PENHALLURIACK: ‘that’s why I moved for this to be adjourned for 3 weeks’ so that the views of the other objectors can be sought during this time ‘and hopefully consensus reached without the cost’ of VCAT.

ESAKOFF: another question to Penhalluriack. ‘If a similar deal….in a minimal change area….(where limit is 2 dwellings)….if the neighbours agreed to that would you also agree to that (ie 4, 5 or more dwellings) ‘and not see that as a precedent’?

PENHALLURIACK: Answered that the transiition isn’t yet a policy and still needs to be ‘ratified by Council’. ‘If it’s going against the town planning requirements then of course it will be a precedent’.

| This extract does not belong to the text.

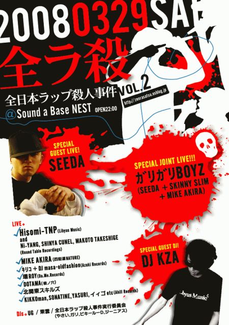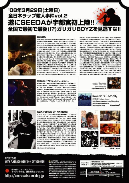 出演させて頂くことになりました。 がんばります!! 栃木にお住まいの方は是非! 栃木にお住まいでない方も是非! 3/29(SAT) 「全日本ラップ殺人事件」 http://zenrasatsu.exblog.jp/ http://mixi.jp/view_community.pl?id=2090343 at Sound a Base Nest(宇都宮) ■OPEN22:00 ■WITH FLYER 3,000YEN(1D) / DAY 3,000YEN Special Guest Live: SEEDA Special Joint Live: ガリガリBOYZ (SEEDA + SKINNY SLIM + MIKE AKIRA) Hisomi-TNP(Libyus Music) and Ni-YANG、SHNYA CUNEL、MAKOTO TAKESHIGE (

MAGEE: Said that this application probably was ’12 months in the planning’ and that it now ‘seems odd that at the 12th hour’ there’s this agreement and people ‘doing deals’. There has been a planning conference, numerous opportunities for developers, architects and objectors to be in touch, ‘we run a great risk in our city being planned on the run’…..’I can only assess this application on what I read…..’not privy’ (to the conversations between developer and neighbours or objectors)….’all I’ve got to go on here is what I read and what I hear from around the table….(didn’t like the fact that after all this time there is now this ‘agreement’ and) ‘it doesn’t sit well with me’….’this is something they should have done four months ago, not 24 hours ago’.

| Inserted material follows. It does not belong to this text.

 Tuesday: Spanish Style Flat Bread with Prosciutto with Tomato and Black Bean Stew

COMMENT: Dereliction of duty perhaps? Hard to believe that of 33 objectors none contacted councillors directly! If this is the first that Cr Magee knows about the application, then we suspect that either he has not taken the time to familiarise himself properly with the issues, or that the entire process of delegation to officers is inadequate when the decision makers have very little notion of what is going on!

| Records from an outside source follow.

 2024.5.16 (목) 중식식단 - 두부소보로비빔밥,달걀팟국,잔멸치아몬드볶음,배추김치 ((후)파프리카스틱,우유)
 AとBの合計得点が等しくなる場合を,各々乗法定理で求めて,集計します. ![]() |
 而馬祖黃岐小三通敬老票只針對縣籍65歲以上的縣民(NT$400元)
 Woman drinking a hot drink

HYAMS: Was also at the meeting with objectors living behind the development. ‘we made sure they knew what they were doing’….’they knew what they were doing’…(seeing this as) ‘the lesser of two evils’…..’I was inclined to go along with it, then I started thinking about the implications of that….’if we do accept this deal which is less than what we hoped for with our transition zones…..(and this area will be further developed and that policy states that) ‘applications have to respect their surroundings we might be setting a precedent for other neighbours’. Some of the other 33 objectors mightn’t feel greatly affected but ‘most would feel that they prefer 12 units to 14’. Said it was ‘unusual’ that objectors want something that is ‘less strict’ on the developer. Referred to Penhalluriack’s point about representing contituents ‘when it comes to planning we are actually elected to apply planning law’ (as well as representing people and who are likely to have) ‘other developments built near them’….(Said that they’re still waiting for permission to exhibit the transition policy and therfore can’t be seen to be) ‘backing away from it’. Said that the ‘philosophy set out in that policy is actually council policy’.

COMMENT: top marks for gobbledygook must go to Hyams’ last cited comment.

TANG: In response to Magee’s points about timelines, Tang said that ‘council does offer opportunities to get together’ BEFORE via the ‘pre certification process’.(so that developers can amend the application before it goes any further and there’s a formal application)…..’The agreement does support 14 dwellings in an altered configuration’ but doesn’t ‘talk about….visitor parking….agreement may deal with a couple of the primary objections….it doesn’t deal with all of those….(He then went on to address ‘misconceptions’ in that ‘half of Glen Eira’s policies’ (ie Housing diversity versus minimal sites) and that the transitions policy tries to add some ‘prescription, tries to give certainty and further guidance’. (The policy therefore needs to apply here and a lot of work has been done to ensure that the site is appropriate to the neighbourhood)…..’there is a mediation process at vcat’ (which will avoid costs and could be ‘cut off at the pass’ at this mediation ‘point’).

MOTION CARRIED WITH ONLY PENHALLURIACK VOTING AGAINST.